Appellant, however, insisted that he remained unable to return to work and appellee continued the payment of benefits despite Dr. Wood’s report. On November 26, 1984, an employee of appellee spoke via telephone with an employee of Dr. Myerson, who had been treating appellant for his injuries since the time of the accident, and was informed that Dr. Myerson had released appellant to return to work on November 1, 1984. Appellee contacted appellant’s counsel who indicated that appellant would return to work on December 17, 1984. Appellee, however, was later advised that appellant did not resume his work duties on the anticipated date because of his continuing disability.
In January of 1985 Dr. Myerson referred appellant to Dr. Mogelnicke who administered nerve block injections into the afflicted areas in hopes of alleviating appellant’s symptoms. According to the deposition of Dr. Myerson, Dr. Mogelnicke advised appellant not to return to work while he was receiving these injections, which Dr. Mogelnicke continued to administer until March 1985. On February 20, 1985, again at appellee’s request, appellant was examined by Dr. Perry White. Although Dr. White was advised by appellant that he was receiving injections, Dr. White opined that his findings regarding appellant’s physical condition did not support the appellant’s subjective complaints and concluded that appellant was physically capable of resuming, without restriction, his usual employment duties. Based on these findings, as well as the earlier report of Dr. Wood, appellee made a final PIP payment to appellant on February 26, 1985, and then terminated coverage. Appellant was released to return to work by Dr. Myerson on May 20, 1985.

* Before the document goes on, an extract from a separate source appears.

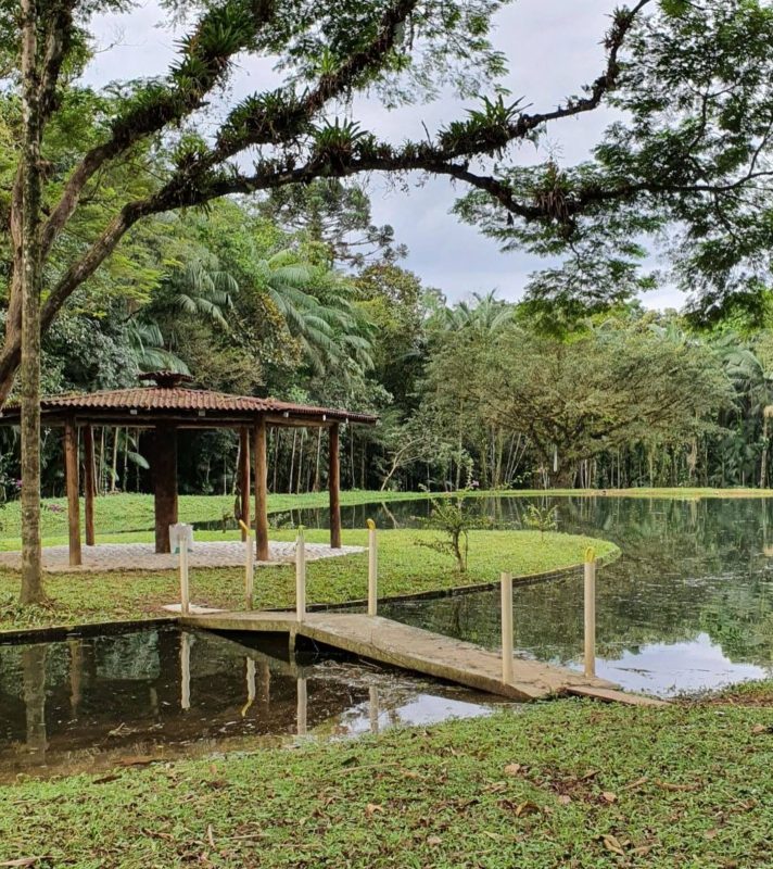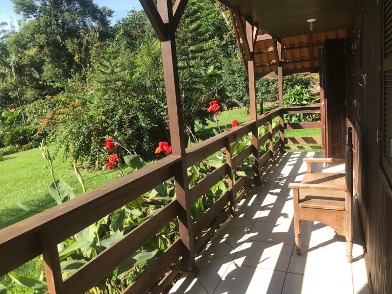 Chalé com cachoeiras e trilhas: localizado em Jaraguá do Sul. Trilhas na mata, riacho e cachoeira a cerca de 200m da casa, lindos jardins bem cuidados e vários pássaros nativos e viajantes que vêm se alimentar. Pesque no açude, colha banana, limões e outras frutas. Durma e relaxe com o som das águas e das cigarras, esqueça o estresse da cidade. – Foto: Reprodução/Airbnb/ND - 17 de 18

“Ordinarily, the question of good or bad faith is reserved for the jury, but where there is no evidence of a frivolous or unfounded refusal to pay, or if the issue of liability is a close one, the court should [as a matter of law] disallow imposition of bad faith penalties. Georgia Farm Bureau Mut. Ins. Co. v. Matthews, 149 Ga. App. 350 (254 SE2d 413) (1979); Pearl Assur. Co. v. Nichols, 73 Ga. App. 452, 455 (37 SE2d 227) (1946).” Government Employees Ins. Co. v. Presley, 174 Ga. App. 562, 566 (330 SE2d 779) (1985). Applying this rule to the case at bar, and pretermitting the issue concerning the correctness of appellee’s decision to terminate benefits, which is to be resolved by a jury, we agree with the trial court “that. . . the decision to terminate PIP benefits was not unreasonable, unfounded, or frivolous” and that the record discloses no basis which would warrant the *248imposition of bad faith penalties, attorney fees and punitive damages pursuant to OCGA § 33-34-6. Consequently, the trial court’s grant of partial summary judgment to appellee is affirmed. See also Strickland v. American Home Assur. Co., 186 Ga. App. 425, 427 (367 SE2d 241) (1988); Georgia Farm Bureau &c. Ins. Co. v. Pendley, 155 Ga. App. 674 (2) (272 SE2d 540) (1980); Allen v. Nat. Liberty Life Ins. Co., 153 Ga. App. 579 (266 SE2d 269) (1980).
Decided April 4, 1989. Raymond V. Giudice, for appellant. Pierce, Goldner, Sommers & Scrudder, Alfred A. Quillian, Jr., Stephen L. Goldner, for appellee.Judgment affirmed.
Banke, P. J., and Sognier, J., concur.